Again the man’s eye flickered to somewhere behind them. “I understand everything,” he said, forcing a chuckle. “It is free. I make no joke.” He dropped the item into the bag and handed it to her.

“But I can’t. I mean, that is very generous, but I can’t accept—”

“You must,” he said, smiling. “It is the Turkish way.” He glanced behind them and spoke even faster. “It is an old Islamic custom.”

Jill frowned. “An old Islamic cust—”

He cut her off with growing impatience. “It is good for your soul. It will help you hear the voice of God. Go now.” He waved his hands at her. “Leave my shop now. Go.”

Jill glanced at Daniel, unsure what to do.

He hadn’t a clue.

She turned back to the shopkeeper, making one last attempt. “Listen, I don’t think you understand. We are only paying for—”

“Leave my shop now!” His impatience had turned to anger.

“Do you not hear? Leave! Leave or I shall call the authorities!”

Jill frowned. Had she inadvertently offended him? Had she—

“Leave! Allah Issalmak. God keep you safe!” He turned his back on them and set to work organizing a nearby barrel of pistachios.

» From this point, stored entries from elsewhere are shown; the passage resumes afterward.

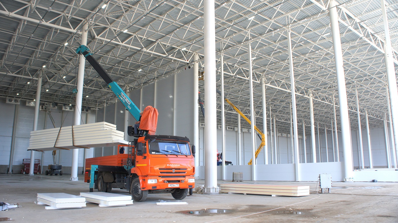 Заказчику требовалось оперативно построить склад для замороженной продукции в Московской области в ярком дизайне.
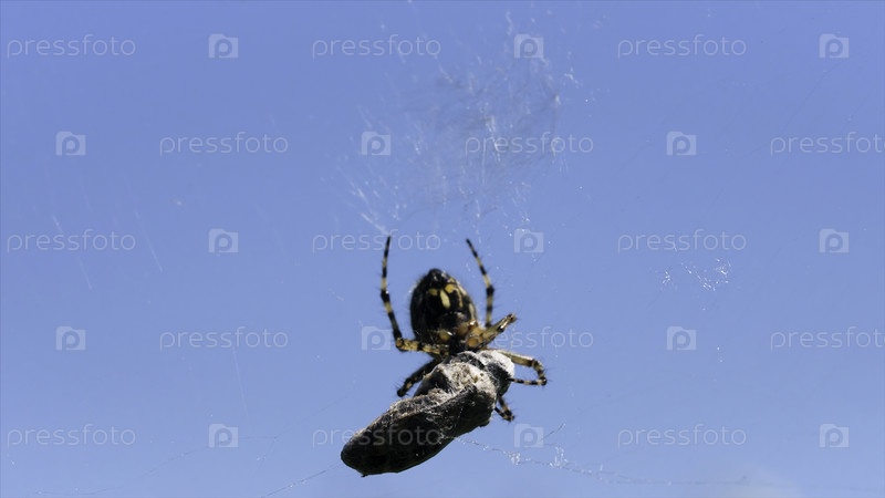 Сюжет охотничьего паука, пытающегося поймать маленькое насекомое в своей сети.Креативность.Детали дикой природы, паук на фоне голубого неба
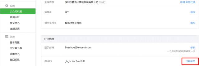 微信公众号可自主注销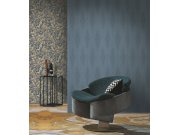 Luxusní jemně strukturovaná tapeta se zlato-béžovým zámeckým vzorem na modrém podkladu se zlatými třpytkami.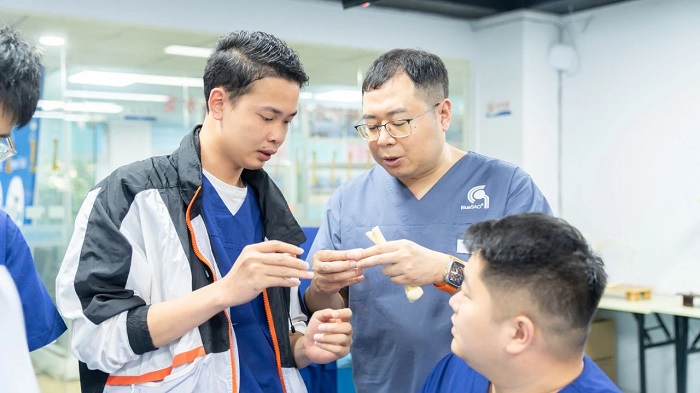 然后紧接着进行桡骨模型实操,实操中准备了直板和T型骨板,让学员熟练掌握不同的固定方式,多一种临床方案选择!

Again the couple exchanged glances, when suddenly two uniformed men jostled past them. In one swift move they grabbed the shopkeeper by the arms. He looked up, startled. He shouted at them but they gave no answer. He squirmed to get free but it did no good.

“Excuse me!” Jill reached toward them. “Excuse—”

Daniel grabbed her arm. “No . . .”

She turned to him. “What?”

Although he wanted to help, he shook his head.

“Dan—”

“We don’t know him. We don’t know what he’s done.” The shopkeeper shouted louder. He pleaded to the crowd but no one moved to help. The two men dragged him from the stall and out into the cobblestone street, where his shouts turned to panicked screams as he kicked and squirmed, trying desperately to escape.

Again Jill started toward him, and Daniel squeezed her arm more firmly. She came to a stop, not liking it but understanding.

Off to the side someone caught Daniel’s attention. He was a tall man dressed in a dark suit and a brown sweater vest. But it wasn’t the clothing that attracted Daniel’s attention. It was the man’s focus. Instead of watching the shopkeeper, like the rest of the crowd, he was scrutinizing the two of them.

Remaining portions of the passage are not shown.